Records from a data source
------------------------------
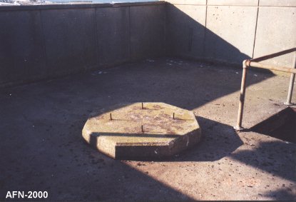 ![]() This pillar is all that remains of the Gun Group Supplementary Station. It was a three-story wooden observing station built in 1916. Later it was converted into the searchlight controller's station. |
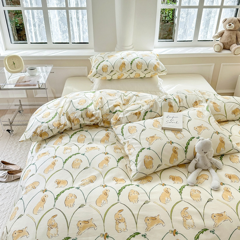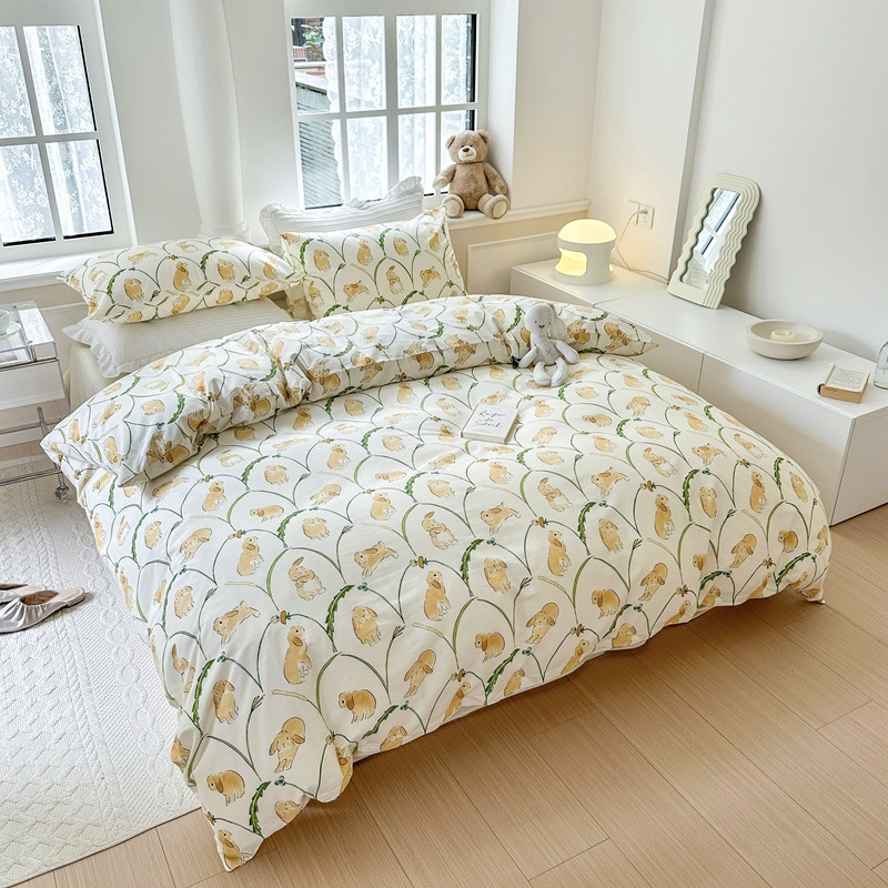 商品名称:柚子 2023新款13372精梳棉浪漫系列四件套 麦穗兔
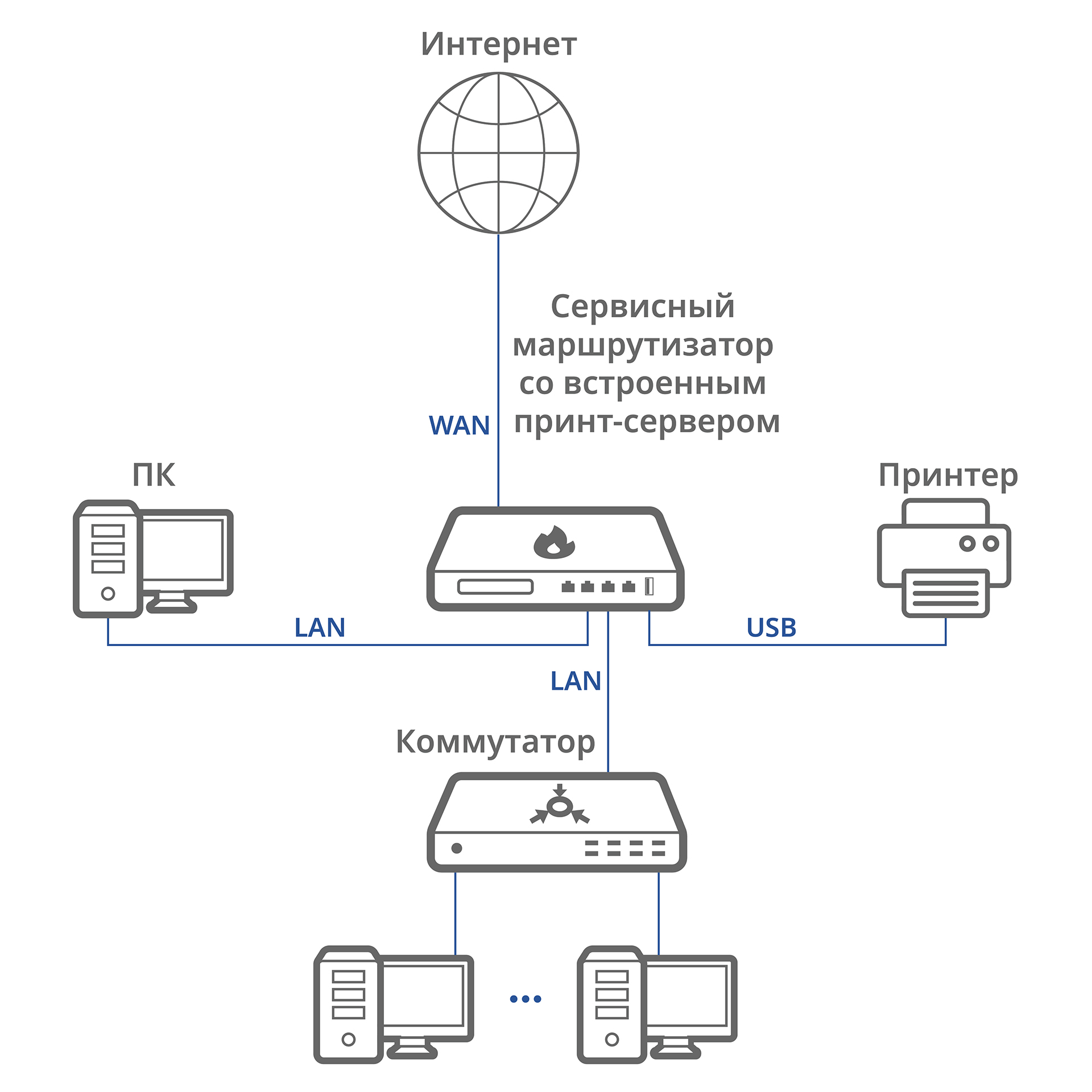 Сетевая печать в корпоративной среде обеспечивает централизованный доступ к принтеру с любых рабочих станций через локальную сеть офиса или предприятия. Для организации печати применяют различные схемы подключения принтеров. Одним из вариантов является использование маршрутизатора со встроенным принт‑сервером – это экономичное и простое в развертывании решение, особенно актуальное в подразделениях, где не требуется сложная система учета и мониторинга печати.
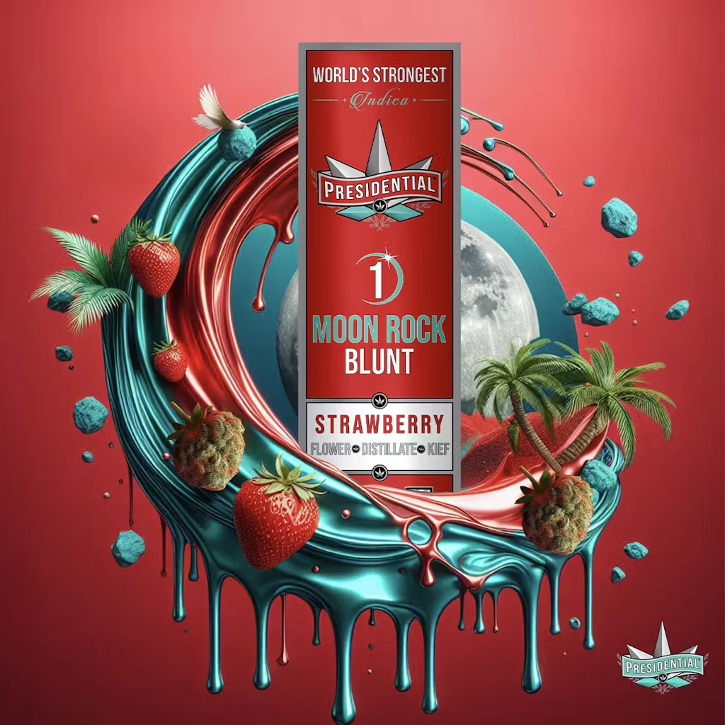 Your Presidential Moon Rock Blunt consists of Top-Shelf Organic Flower INFUSED with Premium THC Distillate and then Coated in the Highest Quality Kief. Our innovative proprietary infusion process enables us to permeate the flower all the way to the stem! Our Moonrocks our ground and wrapped in a 100% tobacco FREE blunt wrap!
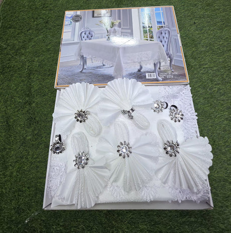 Elegant White Dining Tablecloth Set with Napkins & Rings
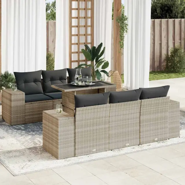 Ta vrtna sedežna garnitura je popoln dodatek za vaše dvorišče, teraso ali verando, saj zagotavlja udoben in vabljiv prostor za klepet z družino in prijatelji ali preprosto za sprostitev in uživanje na prostem. Trpežen material: PE ratan, znan tudi kot poli ratan, je močan sintetični material, ki ne potrebuje vzdrževanja in je videti kot naravni ratan. Je lahek, enostaven za čiščenje in se zaradi svoje vzdržljivosti in odpornosti na vremenske vplive pogosto uporablja za zunanje pohištvo.Funkcija shranjevanja z vodoodporno torbo: Vrtno pohištvo ima pod sedežem prostor za shranjevanje, opremljen z vodoodporno torbo za shranjevanje blazin, igrač in drugih stvari. Notranjo torbo je mogoče varno pritrditi na zunanje pohištvo s kavljem in zanko za večjo stabilnost.Nastavljiva mizna plošča: Z dvigom mizne plošče lahko mizo povišate, s čimer se zunanja klubska mizica spremeni v jedilno mizo. Popolna je za sprejemanje gostov ali uživanje v obrokih na prostem.Prevleko je mogoče odstraniti in oprati: Te sedežne blazine imajo odstranljive prevleke za lažje pranje in vzdrževanje.Modularna zasnova: Ta komplet zunanjega pohištva ima modularno zasnovo, zaradi česar je popolnoma prilagodljiv in enostaven za premikanje, tako da lahko zunanjo garnituro postavite kakor koli želite. Dobro je vedeti:Če želite, da vaše zunanje pohištvo ostane lepo, vam priporočamo, da ga zaščitite z vodoodporno prevleko.Dimenzije vodoodporne vreče: 55 x 53 x 34 cm (D x Š x V)Maksimalna nosilnost (na sedež): 110 kgUV-odpornoPlastične nastavljive nogePotrebno sestavljanje: DaKotni sedež:Barva: Svetlo sivaMaterial: PE ratan, jeklen okvir s prašnim premazomDimenzije: 83 x 62 x 69 cm (Š x G x V)Velikost sedeža: 55 x 55 cm (Š x G)Višina sedeža od tal (brez blazine): 37 cmVišina naslonjal za roke od tal: 55 cmŠirina naslona za roke: 27,5 cmSrednji sedež:Barva: Svetlo sivaMaterial: PE ratan, jeklen okvir s prašnim premazomDimenzije: 55 x 62 x 69 cm (Š x G x V)Velikost sedeža: 55 x 55 cm (Š x G)Višina sedeža od tal (brez blazine): 37 cmMiza:Barva: Svetlo sivaMaterial: PE ratan, jeklo s prašnim premazom, kaljeno stekloDimenzije: 100 x 55 x 44/73 cm (D x Š x V)Blazina:Barva: Temno sivaMaterial prevleke: Tkanina (100 % poliester)Polnilo sedežne blazine: PenaPolnilo hrbtne blazine: bombažna vlaknaDimenzije sedežne blazine: 55 x 55 x 3 cm (Š x G x D)Dimenzije hrbtne blazine: 55 x 45 x 13 cm (D x Š x D)Paket vsebuje:1 x Vrtna miza4 x Kotni sedež s funkcijo shranjevanja z vodoodporno vrečo2 x Srednji kavč s funkcijo shranjevanja z vodoodporno vrečo6 x Blazina za hrbet6 x Sedežna blazina s snemljivo pralno prevleko 3326743
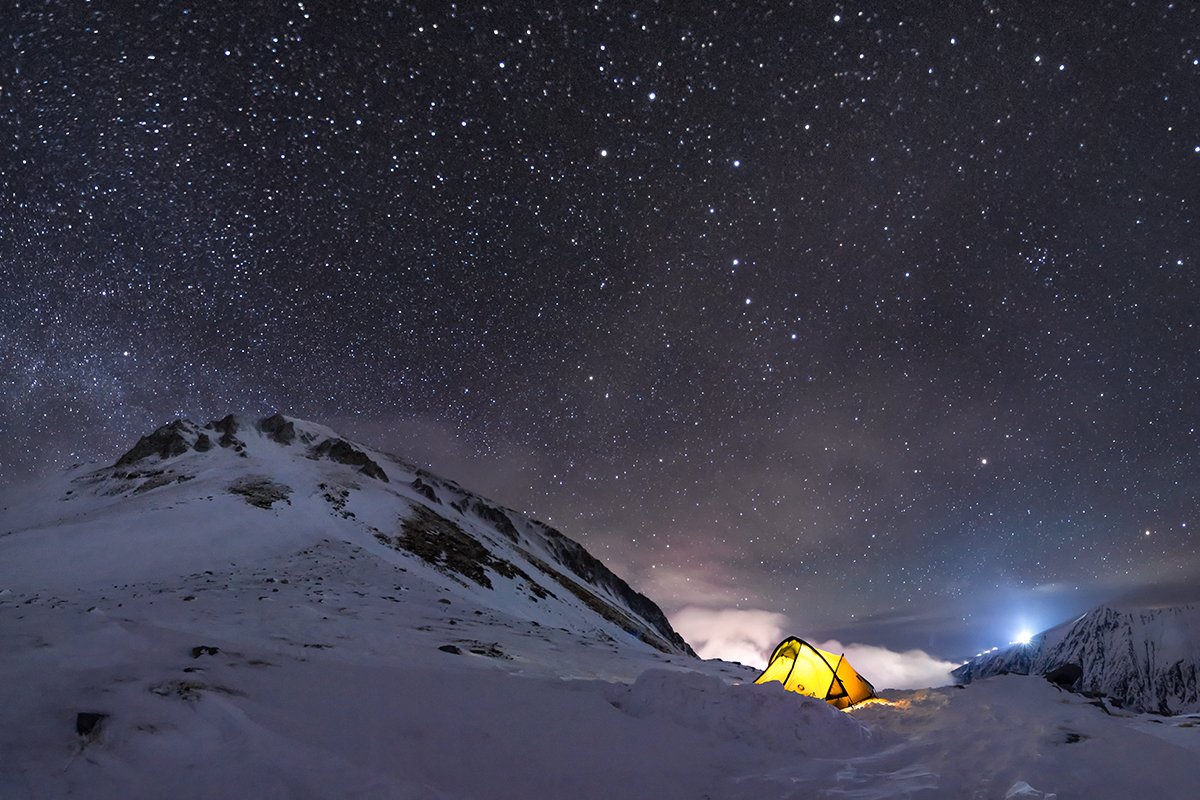 We couldn't reach the peak during the day due to bad weather... Glad that the sky was clear for a while during the night - just enough to take a quick shot. The peak on the left is Mt. Vihren in Pirin mountain, Bulgaria - 2914m.
------------------------------
__EXERCISE__. Repeat, with no pictures, each line from the beginning of the data through the line containing "商品名称:柚子 2023新款13372精梳棉浪漫系列四件套 麦穗兔", inclusive.

__SOLUTION TO THIS TASK__.
 ![]() This pillar is all that remains of the Gun Group Supplementary Station. It was a three-story wooden observing station built in 1916. Later it was converted into the searchlight controller's station. |
 商品名称:柚子 2023新款13372精梳棉浪漫系列四件套 麦穗兔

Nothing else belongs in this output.